1
Building a Query Application

This chapter introduces the ConText features you can use to build a query application. It describes a typical query application then discusses the options ConText provides at each step:

Overview

Figure 1-1

Figure 1-1 illustrates a basic design of a ConText query application. It shows the different modules required to let the user enter the query and hence view the results. Each module represents a step in the querying process, where rectangular boxes indicate application tasks and round boxes indicate user-tasks.

As shown, the process of issuing a query can be modeled according to the following steps:

user enters query
application re-writes query (optional)
application presents expression feedback (optional)
user refines query expression (optional)
application executes query
application presents hitlist
user selects from hitlist
application presents document

Prerequisites

Generally, query applications assume the following tasks have been performed:

text is loaded in the database
text is indexed

Loading Text

Documents must be loaded in a text column before you can index the document set and issue queries. You can store documents directly in the text column or you can store a pointer to an external file or URL.

See Also:

For more information about loading and storing text, see Oracle8 Context Cartridge Administrator's Guide.

Creating an Index

How you index your document set affects how the user of an application can issue queries. With ConText, you can create the following basic types of indexes for documents stored in a text column:

text index
theme index

Having a text index allows you to issue text queries against the document set, which is a search on words or phrases.

Having a theme index allows you to issue theme queries against a document set, which is a search on the main ideas in a document.

You can create either type of index by specifying either a text or theme lexer when you create the index preference.

See Also:

For more information about creating preferences and text and theme indexes, see Oracle8 Context Cartridge Administrator's Guide.

Text Indexing Options

The options you can give the user for issuing text queries are determined by how you create the text index. Table 1-1 describes the more frequently used options and which index preference to set to enable each option.

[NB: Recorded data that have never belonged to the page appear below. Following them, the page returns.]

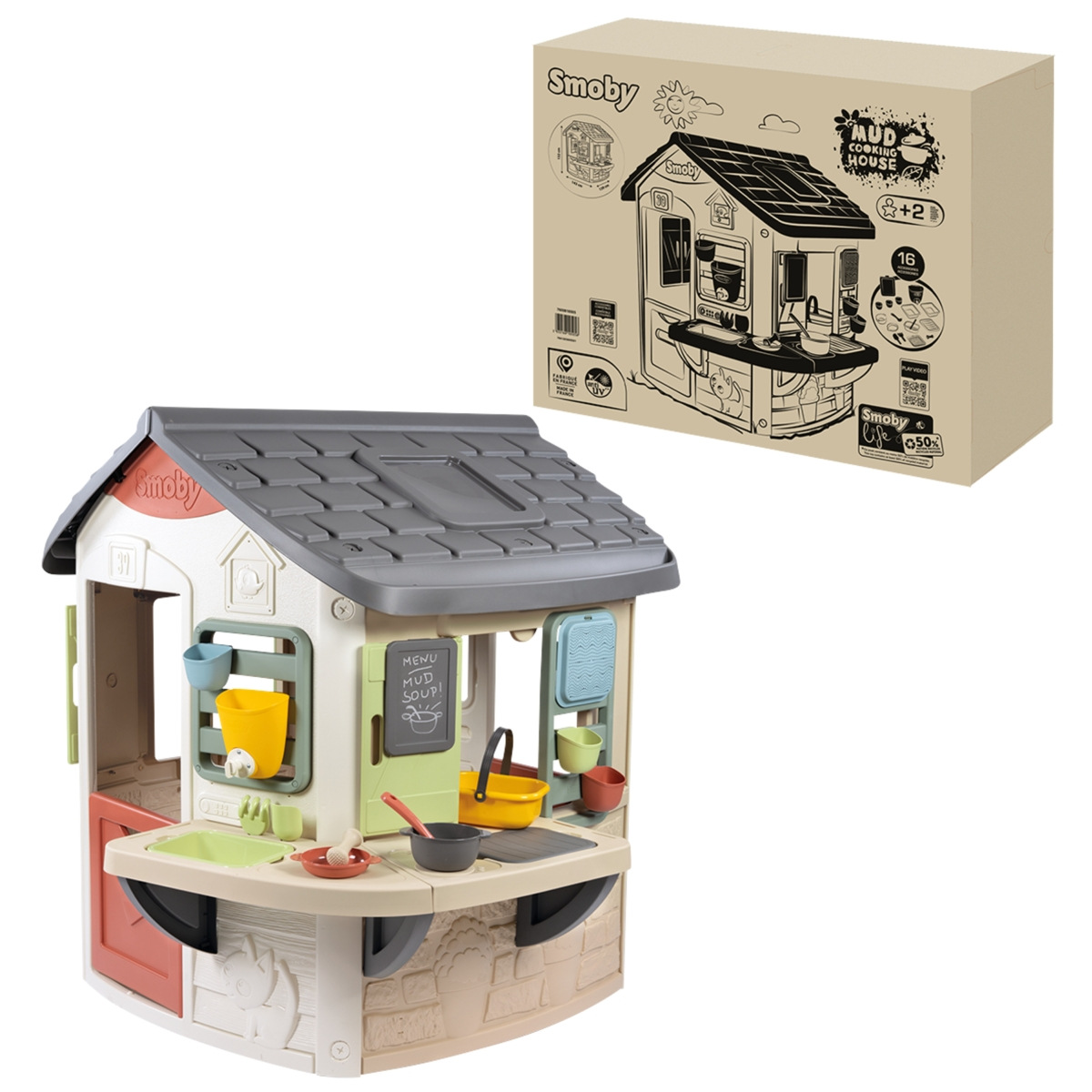 Stabilní, prostorný domeček Smoby Life Mud Cooking rozšiřitelný. Domeček má 2 dveře, 2 okna s okenicemi a speciální venkovní prostor pro hrátky s vodou a blátem. Okno s výhledem na pracovní plochu může sloužit také jako výdejní okénko. Součástí balení je 16 doplňků: košík, síto, hrnec s poklicí, naběračka, 1l nádrž na vodu s kohoutkem, lopatka a hrabičky, kreslící tabulka a mnoho dalšího. Domeček umožňuje zavěšení veškerého příslušenství, abyste ho měli po ruce. Domeček je vyroben z vysoce kvalitního plastu odolného vůči UV záření a je zvláště odolný vůči povětrnostním vlivům a vyblednutí. Tento produkt obsahuje nejméně 50 % recyklovaného materiálu. Rozměry produktu (DxŠxV): 143,9 x 139,6 x 132,1 cm. Vyrobeno ve Francii. Vhodné pro děti od 2 let.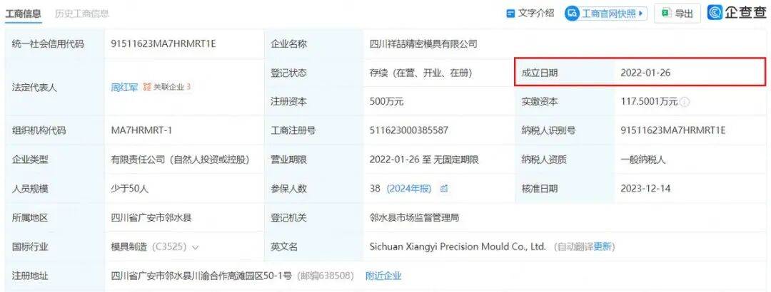 报告期内,至信股份向供应商四川祥喆精密模具有限公司(下称“祥喆模具”)主要采购工装模具,双方从2021年开始合作。但是从企查查来看,祥喆模具成立于2022年1月26日,有四名自然人股东周红军、周选文、涂良俊、周选香,持股比例分别为45.20%、32.88%、10.96%、10.96%。股东周红军同时还控制一家模具公司,名称为重庆友邦精密模具有限公司,成立于2011年。不知至信股份与祥喆模具的合作时间是否含盖了与祥喆模具关联方的合作年限。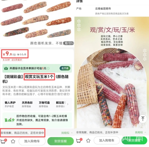 记者30日早间登录叮咚买菜App发现:部分门店9.9元的文玩玉米已销售一空,显示“商品已抢光,正在补货中”。这款近一年才被大众熟知的新兴文玩,市场价格也出现从几元到千元乃至上万元的价格悬殊。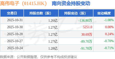 证券之星消息,10月31日南向资金减持136.8万股高伟电子(01415.HK)。近5个交易日中,获南向资金减持的有3天,累计净减持286.98万股。近20个交易日中,获南向资金减持的有13天,累计净减持907.4万股。截至目前,南向资金持有高伟电子(01415.HK)1.26亿股,占公司已发行普通股的14.45%。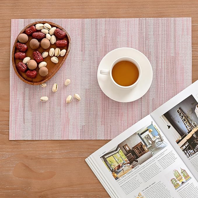 Leetaltree Misty Rose Placemats Set of 4 - Heat Resistant Non-Slip Place mats for Dining Table, Washable Durable PVC Vinyl Woven Table Mats(Misty Rose, 4)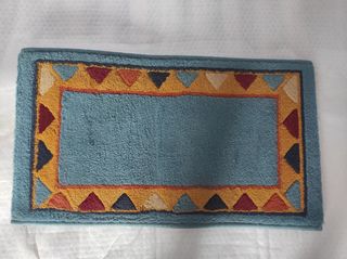 Alfombra pequeña. Medidas 60x35x1 cm. Color azul con estampación perimetral. En perfecto estado. Son dos (2) unidades. Precio 10€/por unidad.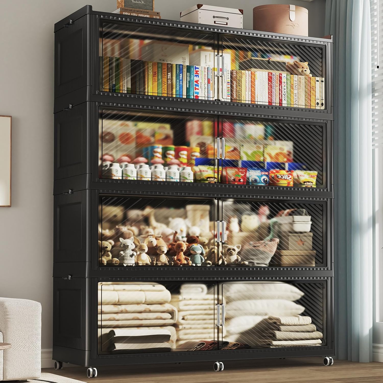- 【Foldable, Stackable, Quick Assembly】Our large plastic storage bins can be quickly unfolded or collapsed in just 3 minutes to maximize space utilization. It can be stacked layer by layer into a cabinet, with side buckles to secure each level in place, preventing tipping or scattering. An essential large storage cabinet for homes and dorms.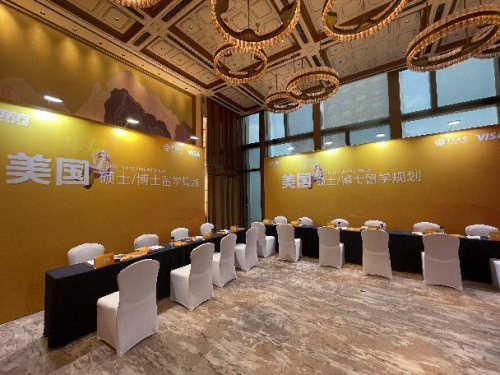 图为同学们协助工作人员布置好的国际教育展咨询会场
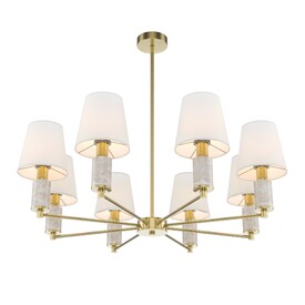 Серия включает подвесные (6 и 8 рожков), настенные, настольные и напольные светильники. Арматура: металл цвета сатинированной латуни с декоративными элементами из серого мрамора. Абажуры: текстиль. Сменный источник света с цоколем E14. Высота подвесных светильников регулируются сегментами штанги. Классический дизайн в современном исполнении. Предназначены для основного и акцентного освещения жилых помещений. Универсальное применение: гостиные, столовые, спальни, кабинеты, прихожие.
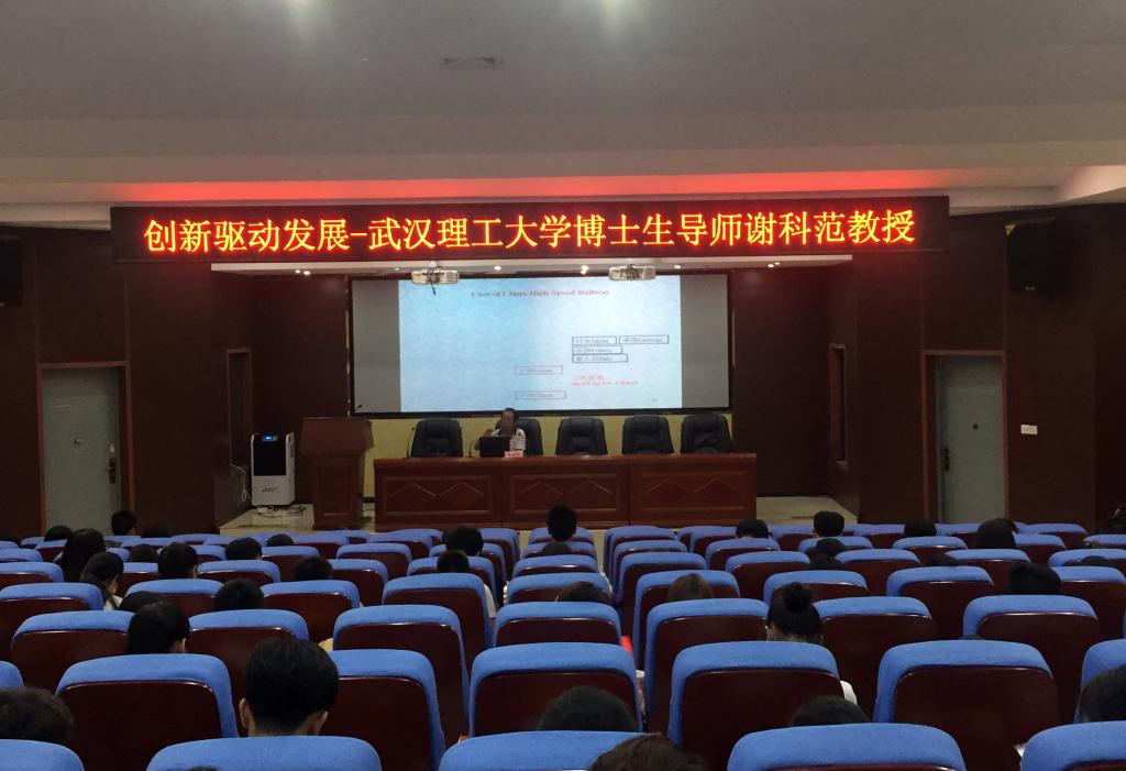 当天晚上,谢科范教授还面向学生作了题为《创新驱动发展》的专题报告。他从“创新驱动的历史与现实背景”、“创新驱动企业发展”、“企业创新的风险防控”三个层面,从宏观和微观两个视角和维度,以及一批实例举证,畅谈了创新创业的意义、成就、规律及其风险,受到同学们的热烈欢迎和赞誉。(李教明)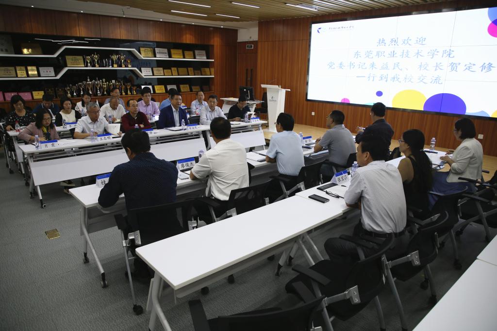 1113日,东莞职业技术学院党委书记朱益民,党委副书记、校长贺定修一行17人到访我校。我校党委书记杜安国热情接待来访客人。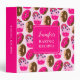 A colorful and cute baking recipes binder which can be personalized with the inclusion of your name. The design is sweet and modern. The binder features colorful donuts and cupcakes and appears in a pretty and elegant pink.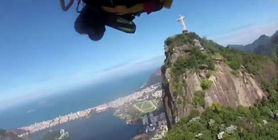 Jetman survole la baie de Rio avec ses ailes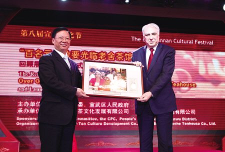 在北京老舍茶馆“老二分”大碗茶的袅袅茶香中,第八届宣南文化节“百名元首政要光临老舍茶馆”回顾展与画册首发式暨中外宾客联谊招待会在老舍茶馆拉开帷幕。11月26日,老舍茶馆内高朋满座,盛友云集。来自阿塞拜疆、立陶宛、毛里求斯、尼泊尔、斯洛文尼亚、乌克兰、摩尔多瓦的驻华大使和俄罗斯、克罗地亚、吉尔吉斯斯坦、保加利亚、塞尔维亚、蒙古、新加坡、柬埔寨、斯里兰卡、捷克、丹麦、墨西哥、古巴、约旦、委内瑞拉、苏丹、津巴布韦、斐济、加纳等国家的驻华使节与社会各界嘉宾160余人相聚一堂,品茗茶、话友谊。北京市政府外事办公室主任赵会民、宣武区区委书记王宁在活动中先后致辞。中国人民对外友好协会副会长冯佐库,国家旅游局国际司司长刘克智,外交部礼宾司副司长谢波华,中联部礼宾局副局长马进,北京市商务委副巡视员刘行苍、市文化局副局长王文光、市旅游局副局长安金明,宣武区委常委、区委办主任赵金花,宣武区人大副主任哈金起、区政协副主席赵印春、区长助理、区外办主任谢全林等领导出席参加活动。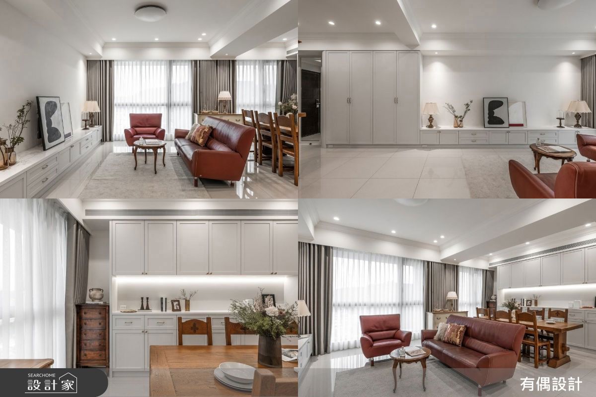 35坪、3房2廳格局的居家空間裡,是屋主送給心愛爸媽的孝親宅。整體空間導入綠裝修的設計手法,打造健康、舒適的樂活生活! 整體以淺色調為基底,並結合女屋主喜愛的法式風格,以及男屋主鍾情的現代簡約風,交織簡約、低調卻充滿質感的室內氛圍。

The Reference column in Table 1-1 gives the name of the section in this book that describes the query feature in detail.

Once an index is created with these options, the options cannot be changed unless a new index is created.

Table 1-1


Text Query Option	Description	Index Preference	Reference
Stemming	Enables searches for words with same root as specified term.	Wordlist	"Stem Expansions" in Chapter 3.
Soundex	Enables searches for words that sound like specified term.	Wordlist	"Soundex Expansions" in Chapter 3
Fuzzy Matching	Enables searches for words that have similar spelling to specified term.	Wordlist	"Fuzzy Expansions" in Chapter 3
Section Searching	Enables searches for terms within pre-defined document sections.	Wordlist	"WITHIN Operator" in Chapter 3
Base-letter Matching	Queries match words with or without diacritical marks such as tildes, accents, and umlauts. For example in Spanish with a base-letter index, a query of mañana matches manana and mañana in the index.	Lexer	"Base-Letter Queries" in Chapter 3
Case Sensitivity	Enables case-sensitive searches.	Lexer	"Case-Sensitive Queries" in Chapter 3
Composite word query (German and Dutch only)	Enables searching on words that contain specified term as sub-composite.	Lexer	"Composite Word Queries (German and Dutch only)" in Chapter 3

See Also:

For more information about creating index preferences, see Oracle8 Context Cartridge Administrator's Guide.

Theme Indexing Options

The options discussed in the previous section entitled "Text Indexing Options" are not supported for theme indexes. ConText has no options for creating theme indexes.

Entering the Query

This section provides an overview of the options you can build into your application for user queries.

Text Queries

In ConText, a text query is a search for a word or phrase in an indexed text column. ConText returns the documents (or rows) that satisfy the query along with a score that says how relevant the document is to the entered query.

For example, a text query on the term unify returns all documents that contain the word unify.

The simplest text query is one in which the application user enters a single word or phrase and ConText returns all documents that contain the word or phrase. More sophisticated queries can include operators to do logical searches, section searches, and wildcard searches. All of ConText's operators are available with text queries.

You can use the standard query methods to perform text queries, namely one-step, two-step, and in-memory.

Theme Queries

In addition to querying English-language documents by words (text query), you can query these documents by theme, or by their main concepts.

Theme queries work similarly to text querying in that you must create an index (theme) for the documents before you can query. Theme queries differ from text queries in that you need not provide exact wording for searches. ConText interprets your query conceptually according to its view of the world and returns an appropriate document hitlist based on theme, along with a measure of how relevant each document is to the query.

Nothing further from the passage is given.